Braces are stabilizing devices for the spine. They are most often used when limiting motion is required for healing, such as after neck or back surgery, or in the case of a spinal fracture. They can also be helpful in improving posture, addressing spinal deformities and treating mechanical neck or back pain. Mechanical neck or back pain is spontaneous discomfort caused by certain movements or activities.

Types of braces

Many patients who experience pain from conditions like spondylolisthesis, sciatica, ruptured discs or disc protrusions have found braces helpful in relieving pain. Braces help bear part of the mechanical load caused by gravity. Braces come in a wide selection of styles and materials, and will vary based on the level of the spine that is affected.

• Rigid back braces are braces made of plastic and can reduce the mobility of the spine by up to 50 percent. The majority of rigid back braces support the lumbosacral area, meaning they stabilize the lumbar (lower) and sacral (pelvic) regions of the spine. This brace type is usually only recommended following major lumbar surgery, such as open spinal fusion. Occasionally, rigid “collars” are used to stabilize the neck after cervical surgery.
• Soft back braces are also called “corset” braces. These braces are the most popular type because of their elasticity and light weight. These braces can take the form of short “belts” that focus on the lumbar spine, or they can be very wide, with straps that go over the shoulders, if thoracic (middle back) spine support is needed.

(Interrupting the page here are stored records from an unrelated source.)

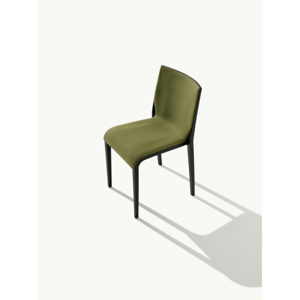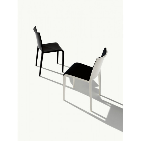 Monoblock-Stuhl aus Polypropylen mit gepolsterter Sitzfläche, Spritzguss mit Luftformtechnologie.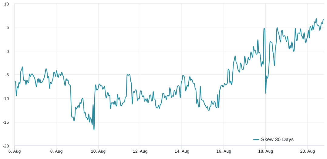 数据显示,在 8 月 15 日崩盘之前,对看涨(买入)BTC 期权的需求过多,该指标为 -11%。这一趋势在接下来的五天内发生了变化,尽管该指标仍处于中性范围内,并且无法突破 7% 的阈值。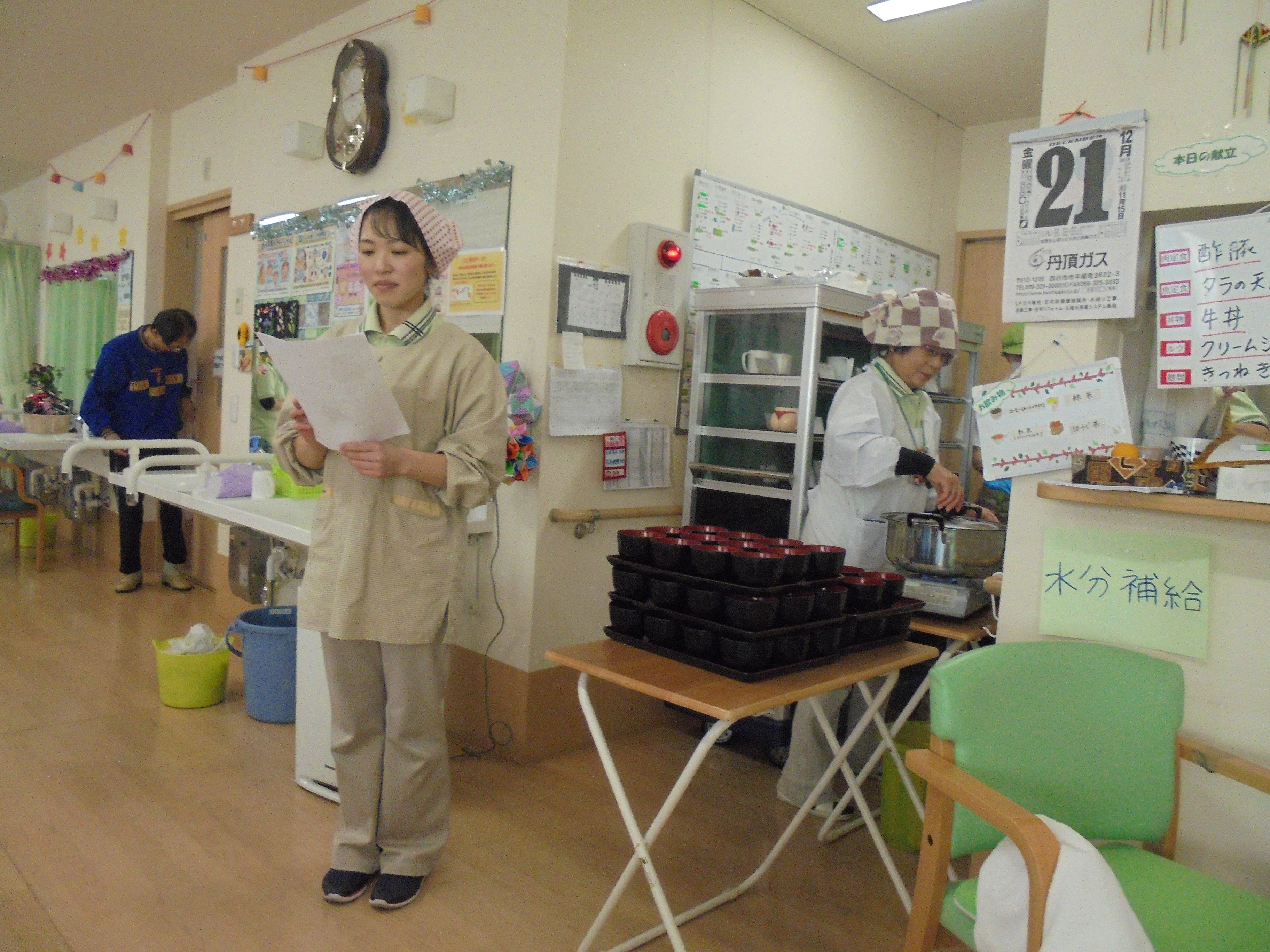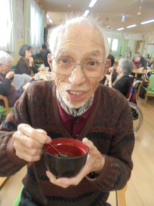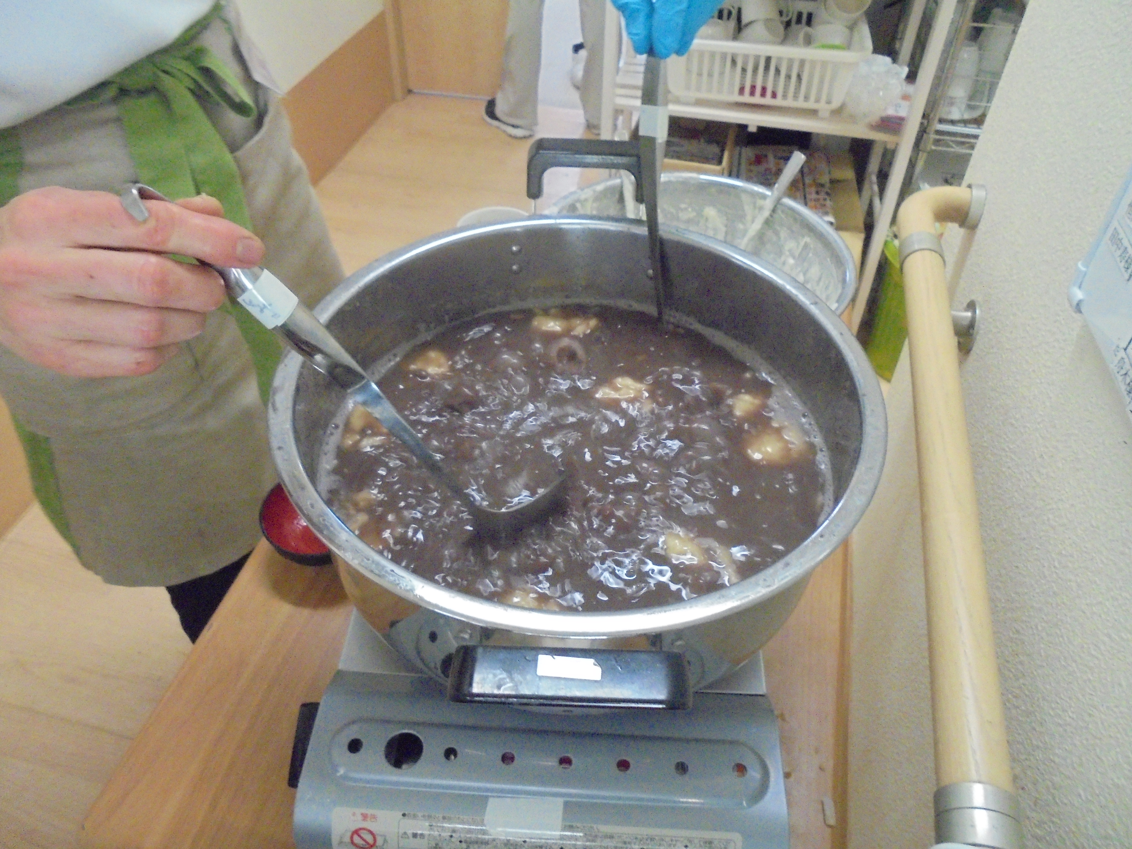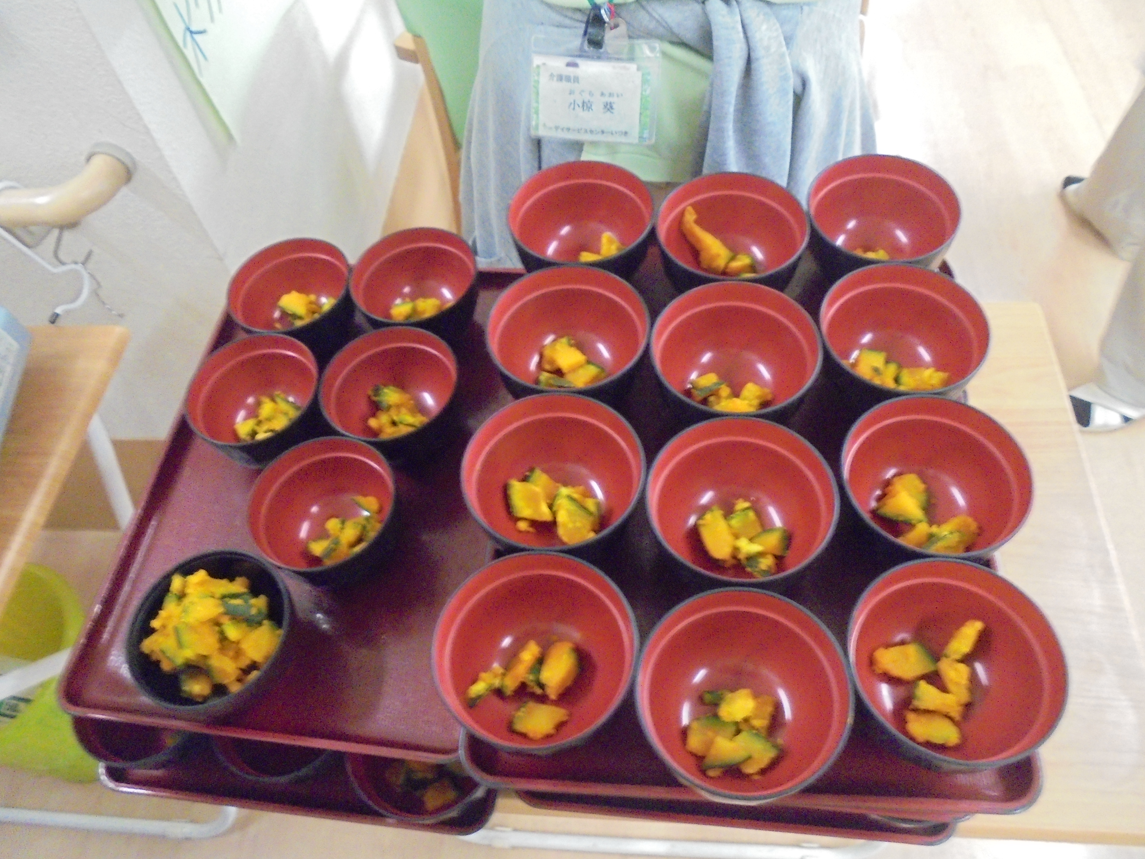 今日はかぼちゃ入りぜんざいをおやつの時間に食べていただきました。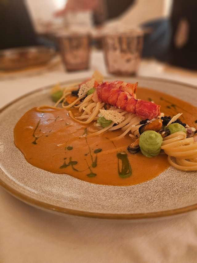 - Linguini, molho de camarão, carabineiro, bivalves, abacate, cebola crocante e ikura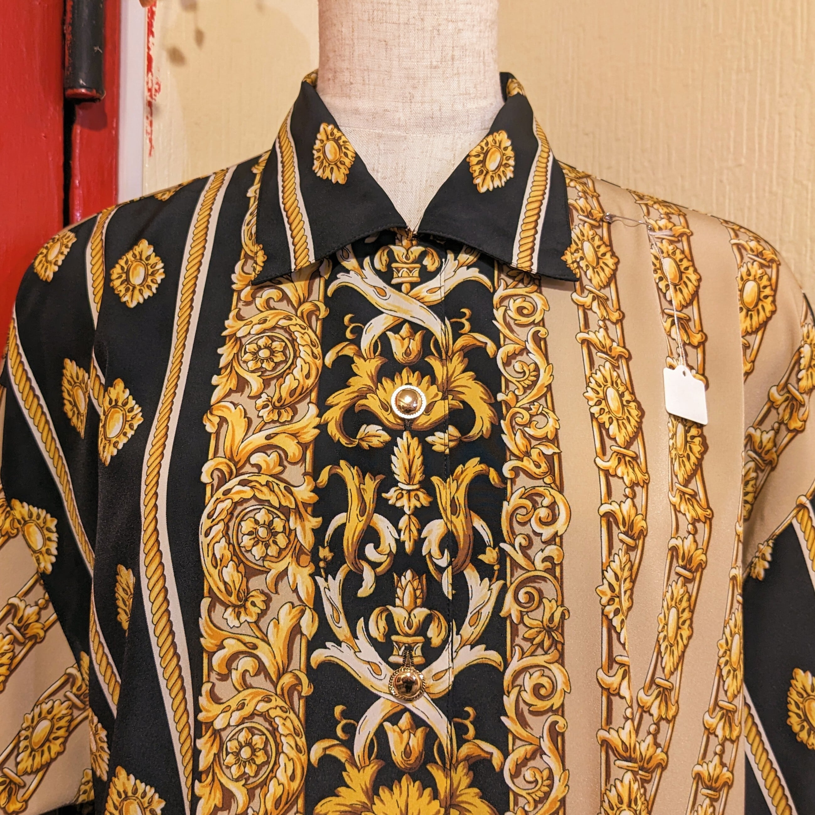 モードなブラック×ベージュ×スモーキーイエローのスカーフ柄ブラウスです。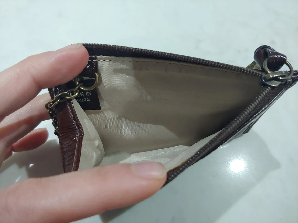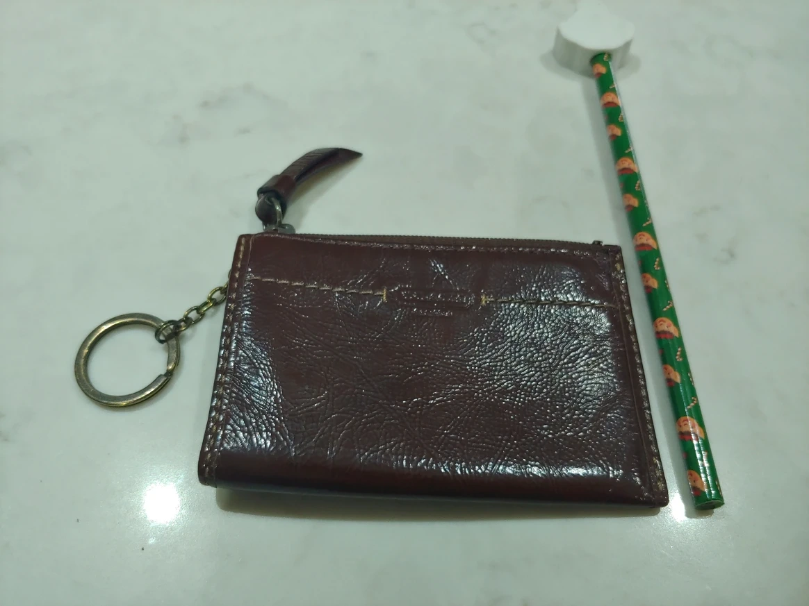 This is a cute little Coach coin purse in brown leather. It has a zipper closure and a key ring attached. It's perfect for carrying your loose change! Pencil is there for size. Exterior in like new condition, the interior has some pencil marks but no tears.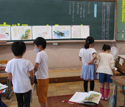 「スイミー」のお話の中から,スイミーの大好きなところを見つけ,友だちと紹介し合いました。スイミーの大好きなところと,そう思うわけを友だちと交流する中で,「スイミーって優しいな。」「わたしはたくましいと思うよ。」「遊ぶことが大好きなんじゃないかな。」など,スイミーに対するたくさんの思いを出し合うことができました。一生懸命に学習に取り組む姿がすてきでした。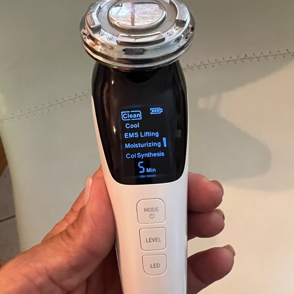 Microcurrent, vibrating cleansing mode, led red light, radio frequency and cool mode for a full facial. Fantastic price for a skin device……google similar ones and you will see! Thanks for looking!

Combining braces with other nonsurgical treatments

You should always consult your physician for a proper diagnosis before deciding to integrate a back brace into your treatment regimen. In some cases, limiting motion of a section of the spine can actually cause an increase in problems, such as loss of flexibility, reduced circulation and stiffness. If your physician recommends so, it may be beneficial to wear a brace only in situations where further injury could occur and to remove it during controlled, low-impact exercises that can aid in spine healing. If your physician does suggest a brace, ask him or her if you should use it in conjunction with pain medication and other forms of nonsurgical treatment, such as hot and cold therapy, TENS, massage, traction, aquatic therapy, or biofeedback.